Hei kamu, apa saat ini kamu sedang menunggu seseorang?

Apa rasanya?

Siang itu, aku sudah berada di Stasiun Tugu, salah satu Stasiun yang ada di Yogyakarta. Salah satu Kota Pariwisata yang nyaman dibalut dengan manisnya kenangan dan cita-cita yang diukir oleh siapapun yang pernah datang kesini.

Hari itu aku berencana pergi ke Ngawi, mengunjungi rumah nenek. Rasa rindu yang sudah tidak tertahan lagi, mengarahkanku untuk segera membeli tiket. Seusai membeli tiket, aku mengambil tempat diruang tunggu penumpang sambil menikmati roti, dan lalu lalang warga lokal serta turis yang juga ada disitu.

Lalu, ada seorang ibu-ibu yang tergopoh-gopoh duduk disampingku sambil menyincingkan kakinya. Aku perhatikan tak ada yang salah. Lalu si ibu tadi duduk, disertai dengan seorang ibu-ibu lain. Kutaksir umurnya 68-70 tahunan.

"Dik, mau kemana?" tanya ibu tersebut.

Advertisement

"Oh, saya mau ke Ngawi buk."jawabku sembari tersenyum

"Mau mengunjungi siapa, dik?" tanyanya lagi. Kali ini aku bersalaman dan berkenalan dengan beliau. Ibu Murti dan Ibu Harti.

"Saya mau mengunjungi nenek saya, buk"

"Oh, sendirian saja dik?" tanya Ibu harti.

"Iya buk, ibuk mau kemana rencananya?" tanyaku balik

"Mau ke Sragen dik, mau njenguk cucu" jawab bu Harti.

Dan obrolan hangatpun mengalir. Sambil terus menunggu jam keberangkatan kereta, karena keretaku berangkat jam 15:30 WIB, banyak hal yang kami obrolkan, mulai dari sejarah Yogyakarta, cerita anak mereka yang kuliah, kesukaan mereka akan makanan-makanan jaman lama, sampai pada cerita yang pilu.

Ibu Murti.

"Saya hanya seorang ibu rumah tangga biasa, mbak. Punya lima anak yang alhamdulillah sudah mapan sekarang. Kehidupan saya tidak sesulit dulu. Dimana desingan peluru sering menghantui kepala saya saat saya tidur. Anak-anak saya ketakutan dan seringkali saya memeluk mereka sambil menangis. Saya menghadapi ini semua sendirian, mbak. Seringkali cemoohan dan hinaan kami dapatkan dari masyarakat jaman dulu"

Ya, dia istri seorang veteran di salah satu datasemen di Yogyakarta. Tugas suaminya adalah membela Tanah Air. Jelas bahwa ditinggal bukan hal yang mudah untuk wanita, tapi ibu Murti ini sangat kuat. Dari ceritanya, kuketahui bahwa dia benar-benar sosok yang sangat kokoh.

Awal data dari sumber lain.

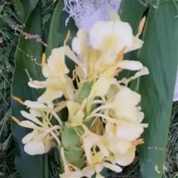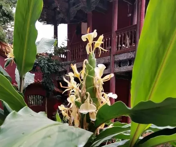 黄姜花被信奉佛教的人们纳入到了“五树六花”的行列,这绝非偶然,由于佛教对香气十分重视,常常用它来比喻修行的德性,供奉佛祖和菩萨时也必须用香,所以气味馥郁的黄姜花能跻身五树六花之列也就顺理成章了。另外,黄姜花采摘下来后直至夜晚都不会凋谢,因此成为人们喜用的宗教花饰材料和必备的寺庙参拜供品。此外,黄姜花的根部提取出的染料还可以染制袈裟。黄姜花的行、味、色均于佛有缘,故称之为人间佛花毫不为过。

Ditinggal bertahun-tahun bukan hal baru, menahan rindu, menjaga anaknya sendirian, menanam sayur-mayur dan berdagang di antara kepungan kaum Belanda yang saat itu menguasai pasar sekalipun. Tak jarang, godaan dari kaum penjajah ini didapat. Tapi dengan imannya yang kuat, ibu Murti menolaknya. Konsekuensinya? Ibu Murti nyaris ditembak. Tapi anak pertamanya melindunginya.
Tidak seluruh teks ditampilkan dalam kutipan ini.